Characterization of tumor-infiltrating myeloid cells by scRNA-seq in H. pylori infection associated GC.

(A–C) Unbiased clustering of myeloid cells generated nine clusters (A), and molecular features were annotated according to the top seven DEGs (B) and representative genes (C). (D) The percentage contribution of each myeloid cells cluster in HC, non-HpGC, ex-HpGC, and HpGC. P values were assessed by Student t test. (E) Volcano plot showing the DEGs between Angio-TAM and TREM2+ TAM. (F) Violin plot showing the expression of functional gene sets in myeloid clusters. (G) Immunostaining showing the distribution of Angio-TAM and TREM2+ TAM in one HpGC sample. (H) Barplot showing the enriched signaling pathway between Angio-TAM and TREM2+ TAM. (I) The correlation of cell type (percentage) between Tregs and Angio-TAM and TREM2+ TAM. (J) Dotplot showing intercellular interactions among suppressive T cell and Angio-TAM and TREM2+ TAM. (K) The relative abundance of Angio-TAM in HpGC and non-HpGC in TCGA STAD dataset, P values were assessed by Wilcoxon test. (L) Kaplan-Meier survival analysis of TCGA STAD patients stratified by Angio-TAM relative abundance, which was used to group samples into high and low groups based on 33th and 67th percentile. The P value of two-sided log-rank test is shown.

Characterization of cancer-associated fibroblasts (CAFs) by scRNA-seq in H. pylor infection associated GC.

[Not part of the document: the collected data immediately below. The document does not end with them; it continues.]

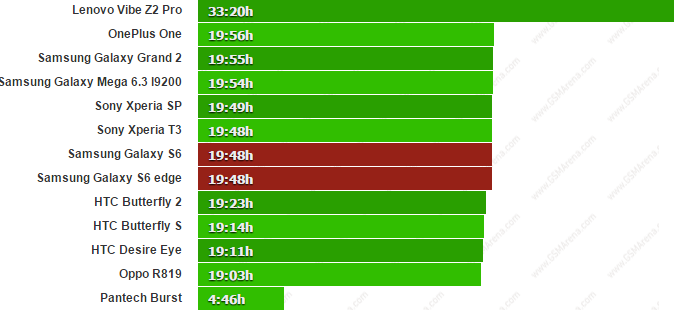 تست وبگردی نیز گلکسی اس 6 با بنچمارک خوبی پشت سر گذاشته است و هر دو گوشی 10:56 ساعت را ثبت کرده اند.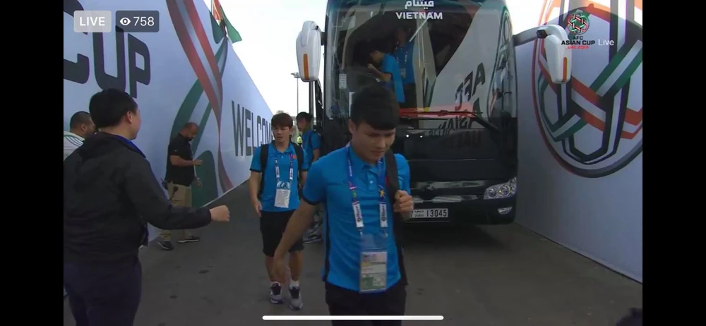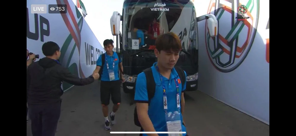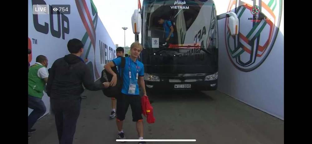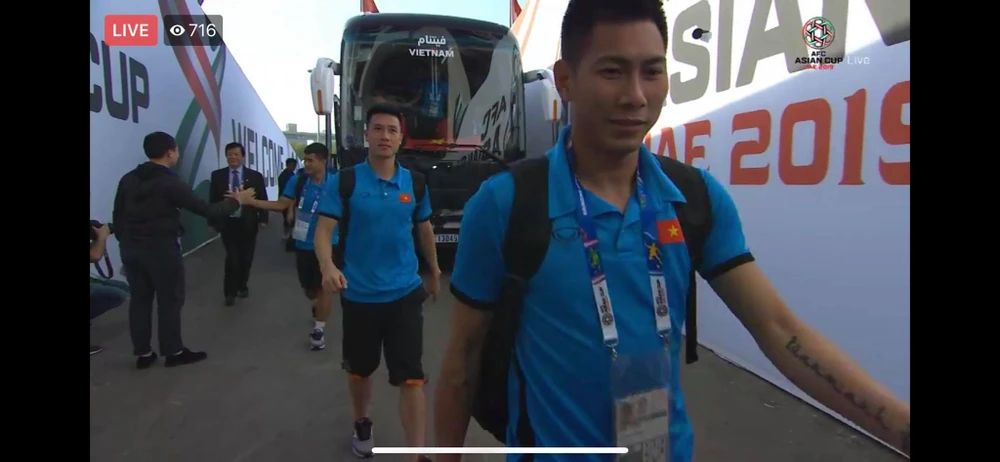 Các cầu thủ Việt Nam bước xuống xe buýt vào sân thi đấu.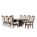 The Montecito Dining Collection is a luxurious line of furniture that coalesces modern design with the craftsmanship of handmade wood carvings. It 100% polyester upholstery in various custom-designed fabrics, each with its own elegant pattern. The button-tufted backing gives a one-of-a-kind look for producing an exquisite dining room setting.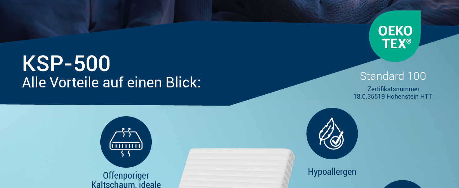 Unsere Matratze ist hypoallergen und antibakteriell und eignet sich hervorragend für Allergiker. Zudem ist sie schadstoffgeprüft nach STANDARD 100 by OEKO-TEX Produktklasse 1, was Sicherheit und Qualität für die ganze Familie gewährleistet. Die Zertifikatsnummer 18.0.35519 Hohenstein HTTI gibt Ihnen zusätzliche Sicherheit bei Ihrem Kauf.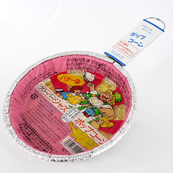 昔懐かしいフライパン形のアルミ皿のガス用ポップコーンです。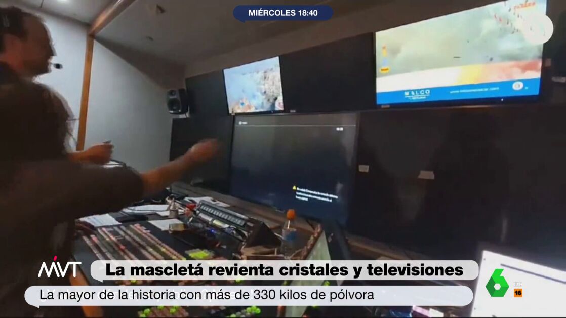 Fue tal el estruendo que provocó la mascletà que reventó cristales y televisiones. La explosión afectó a la retransmisión que estaba realizando la televisión pública, À Punt, tras dejar sin señal los monitores de la realización.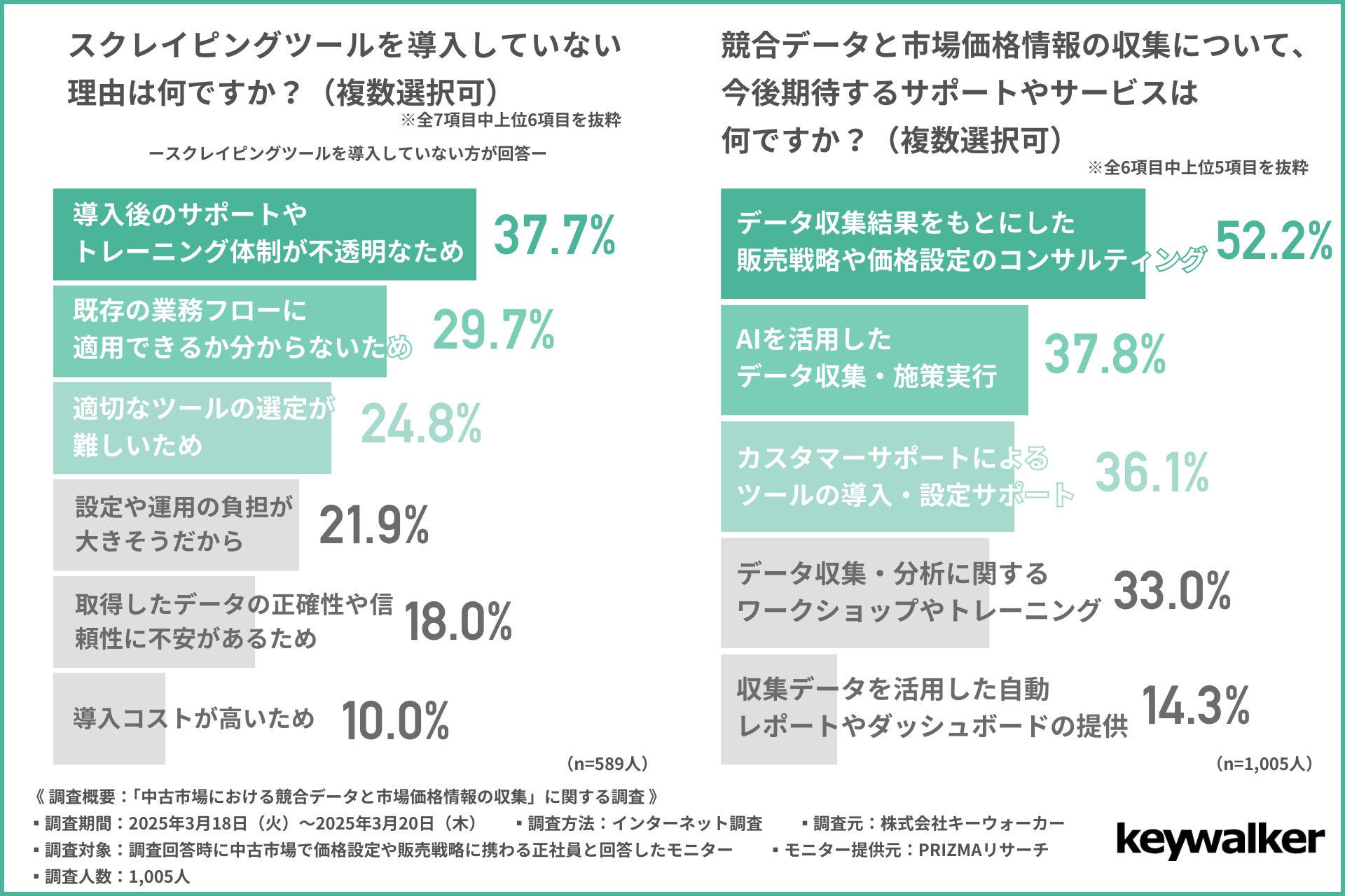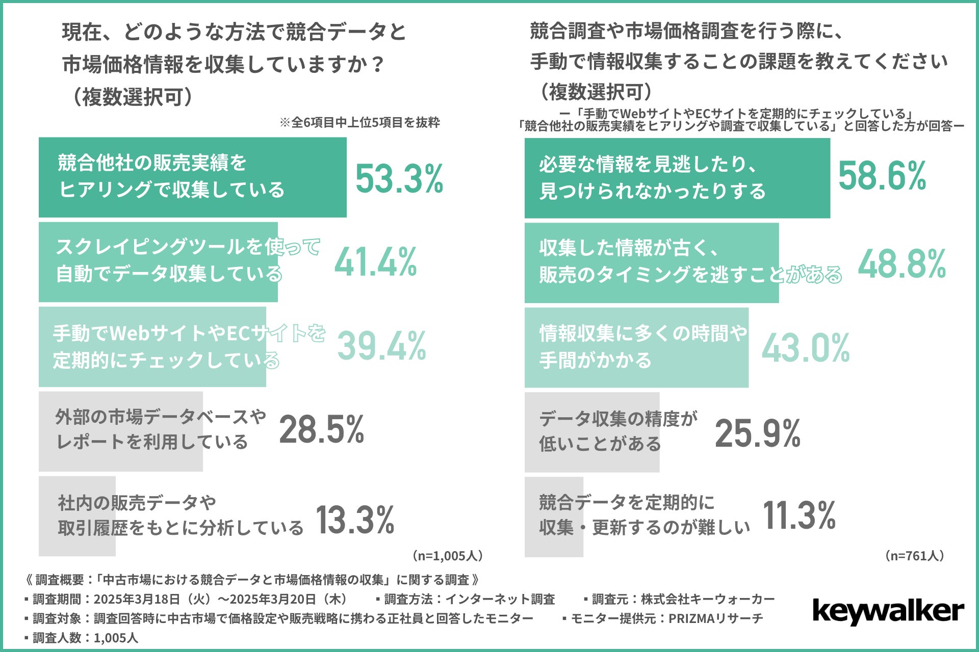 株式会社キーウォーカー(所在地:東京都港区、代表取締役社長:小林 一登)は、中古市場で価格設定や販売戦略に携わる正社員を対象に、「中古市場における競合データと市場価格情報の収集」に関する調査を実施しました。

(A) Unbiased clustering of CAF generated 6 clusters. (B–C) Molecular features annotations according to the top ten DEGs (B) and representative genes (C). (D) The pie plot showing the abundance distribution of six CAF subset in HC, non-HpGC, ex-HpGC, and HpGC. (E) The percentage contribution of each CAF cluster in HC, non-HpGC, ex-HpGC, and HpGC. P values were assessed by Student t test. (F) Heatmap showing the enriched signaling pathway among six CAF clusters. (G) The cell type percentage correlation between iCAF and Treg, Angio-TAM, and TREM2+ TAM. (H) Heatmap showing intercellular interaction strength among immune cells and different subsets of CAF. (I) Enriched signaling pathway among suppressive T cell, Angio-TAM, and TREM2+ TAM with iCAF. (J) The relative abundance of iCAF in HpGC and non-HpGC in TCGA STAD dataset. P values were assessed by Wilcoxon test. (K) Kaplan-Meier plot shows that the abundance of iCAF predicts poor prognosis of GC using two public bulk RNA sequencing dataset (left, TCGA; right, ACRG). The abundance of iCAF was used to group samples into high and low groups based on 33th and 67th percentile. The P value of two-sided log-rank test is shown. ACRG: Asian Cancer Research Group.

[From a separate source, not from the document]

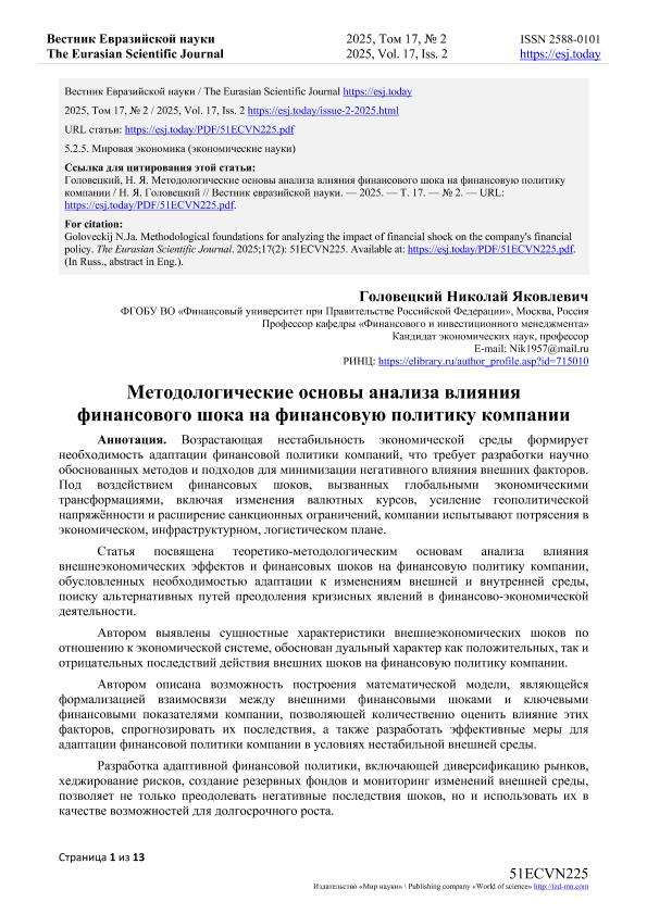 Головецкий, Н.Я. Методологические основы анализа влияния финансового шока на финансовую политику компании. — Текст: электронный // Вестник Евразийской науки. – 2025. – № 2. — URL: https://esj.today/PDF/51ECVN225.pdf (дата обращения: 20.10.2025) — <URL:http://elib.fa.ru/art2025/bv444.pdf>.

Single cell TME composition associated with GC immunotherapy outcome.

(A) GSEA plot showing the enrichment of iCAF, CD8_MKI67, Angio-TAM, and CD8_CXCL13 in anti-PD1 responsive or non-responsive GC. NES, normalized enrichment score. (B–C) Bar chart showing the cell subtypes relative abundance, the immune signature, angiogenesis signature derived from scRNA-seq predicted GC immunotherapy outcome, progression-free survival (B), and overall survival (C). (D) Heatmap showing the expression of immune and angiogenesis signature derived from scRNA-seq in immunotherapy responsive and non-responsive GC. (E) Violin plot showing the expression of immune signature and angiogenesis signature in immunotherapy responsive and non-responsive GC. The P value of Wilcoxon test is shown. (F) A model for evaluating the GC immunotherapy sensitivity and specificity using the immune signature and angiogenesis signature derived from scRNA-seq. (G) The Kaplan-Meier plot showing the immune signature and angiogenesis signature could efficiently predict prognosis of GC anti-PD-1 therapy. The P value of two-sided log-rank test is shown.